TASK DESCRIPTION — Transcribe only what runs from the line containing "Focus off the" through the end of the listing, line for line and exactly, and omit the pictures.

PROVIDED MATERIAL —
+++
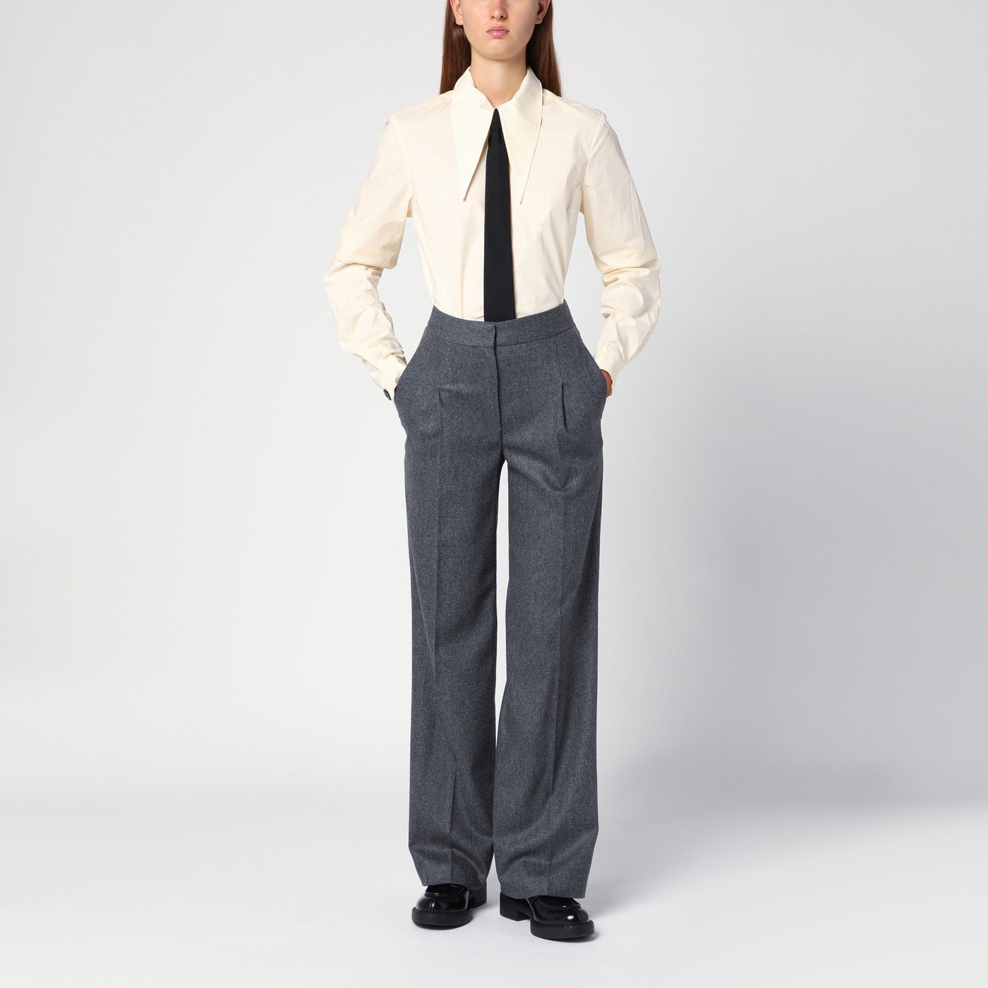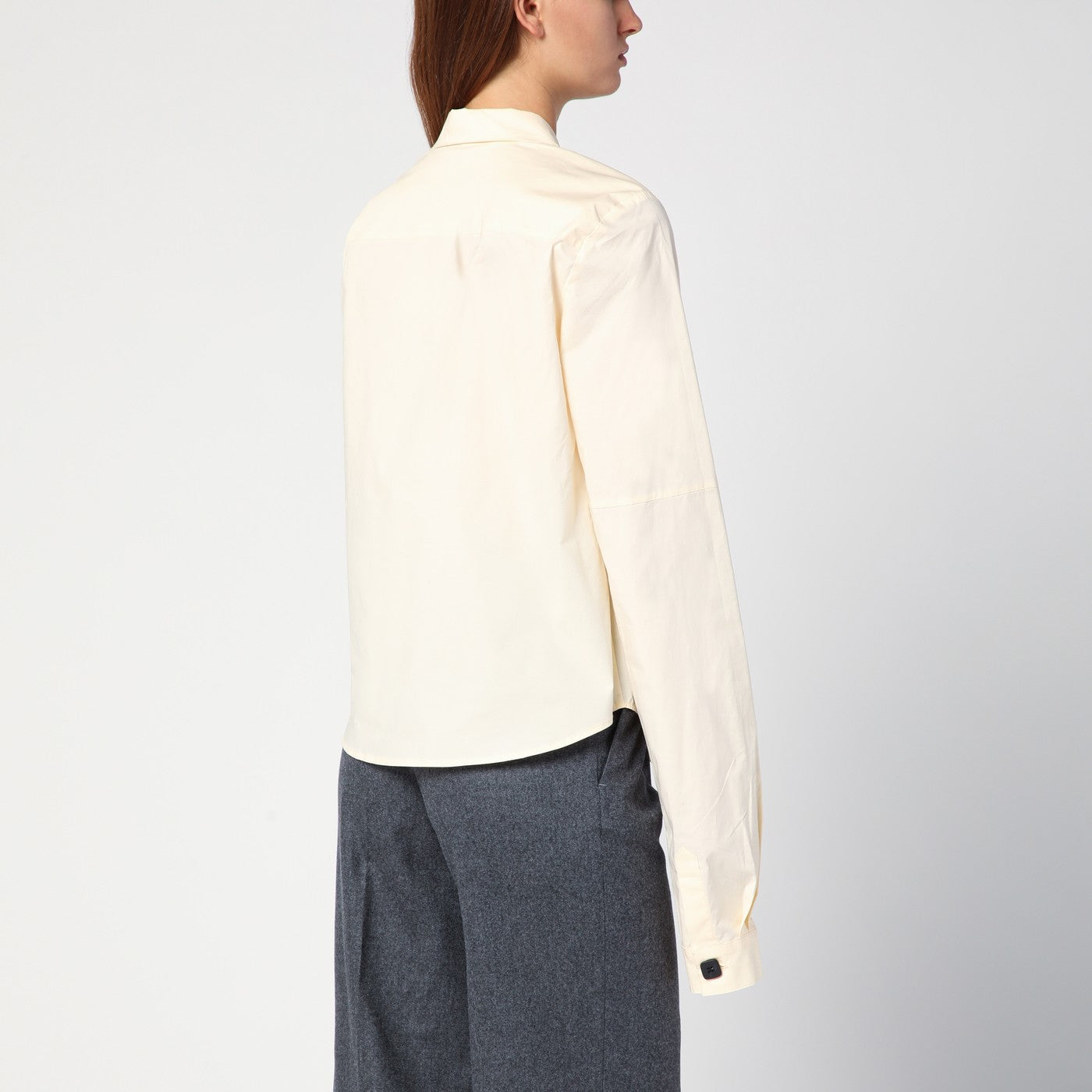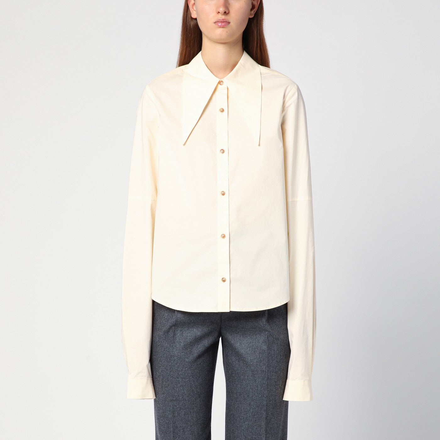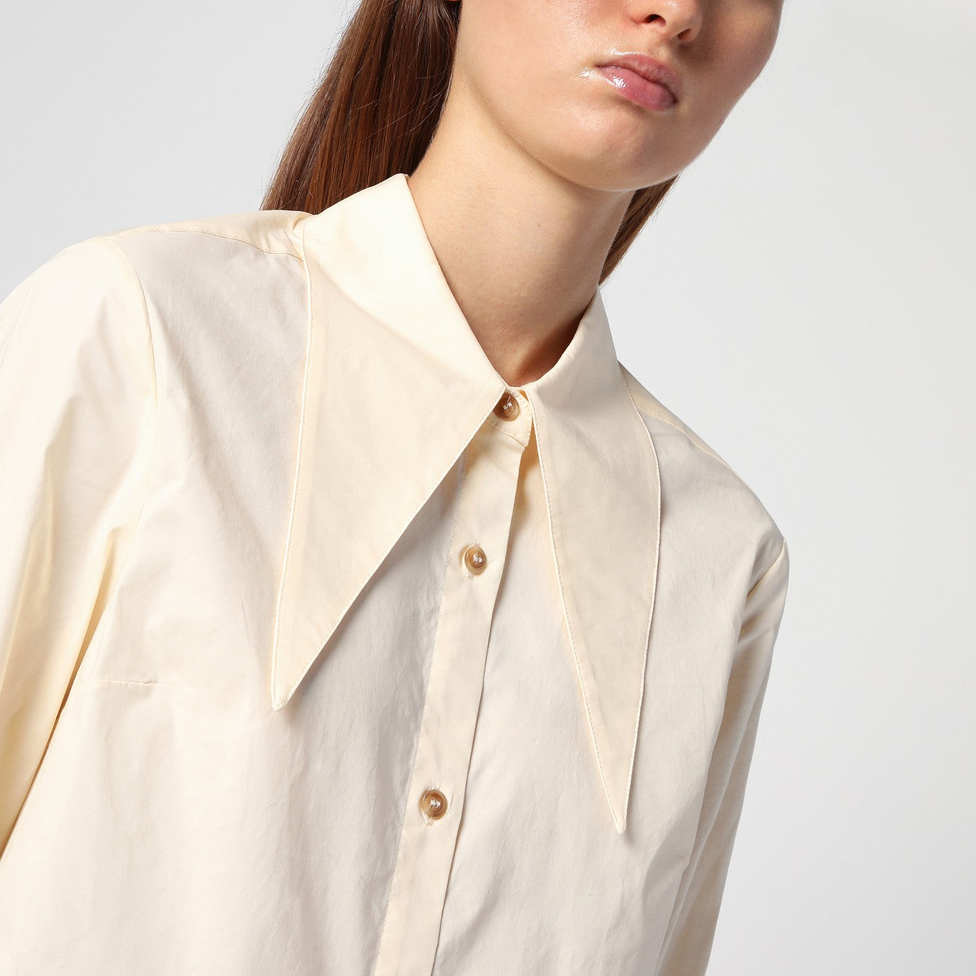 Vanilla coloured cotton shirt from The Garment featuring long sleeves with buttoned cuffs, maxi pointed collar, front button placket and curved hem.
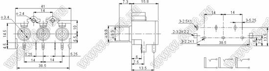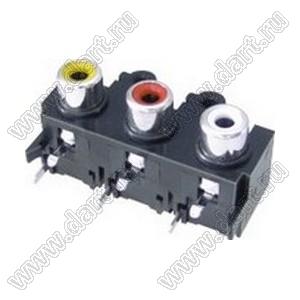 Каталог > Электронные компоненты, радиодетали > Разъёмы (соединители, переходники) > Разъемы аудио-видео > Разъемы RCA («тюльпан») > гнезда RCA > Блоки по три гнезда серии RCA "тюльпан" > RCA-304
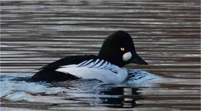 Focus off the badly focused montage of tripe I had accumulated over the weekend, I had something to live for. I rushed as fast as my sore knees would take me, ignoring the large amount of nothing going on on the flats, just in time to see a group of duck with Goldeneye in them fly off westward. Arse! Maybe they would pitch down on Heronry or Shoulder of Mutton, I said to Bob, who had also seen crippling views of high speed saw-tooths over his head. Jono flashed by on his bike (maybe I should get mine fixed) coffee break over. Luckily one male was left on the pond. Not a happy duck, unsettled by joggers and dog walkers. Who ain't?
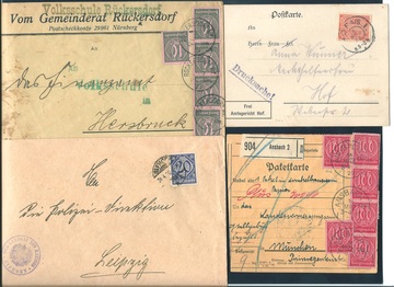 Vier bessere Belege: Nr. 19a und 30 je Einzelfrankatur (Mi. 155,-), 68b per fünf als MeF (182,-), sowie Nr. 74 per 23 auf Paketkarte (ca. 50,- ++), alle sign. Infla
+++
SOLUTION TO THIS EXERCISE —
 Focus off the badly focused montage of tripe I had accumulated over the weekend, I had something to live for. I rushed as fast as my sore knees would take me, ignoring the large amount of nothing going on on the flats, just in time to see a group of duck with Goldeneye in them fly off westward. Arse! Maybe they would pitch down on Heronry or Shoulder of Mutton, I said to Bob, who had also seen crippling views of high speed saw-tooths over his head. Jono flashed by on his bike (maybe I should get mine fixed) coffee break over. Luckily one male was left on the pond. Not a happy duck, unsettled by joggers and dog walkers. Who ain't?
 Vier bessere Belege: Nr. 19a und 30 je Einzelfrankatur (Mi. 155,-), 68b per fünf als MeF (182,-), sowie Nr. 74 per 23 auf Paketkarte (ca. 50,- ++), alle sign. Infla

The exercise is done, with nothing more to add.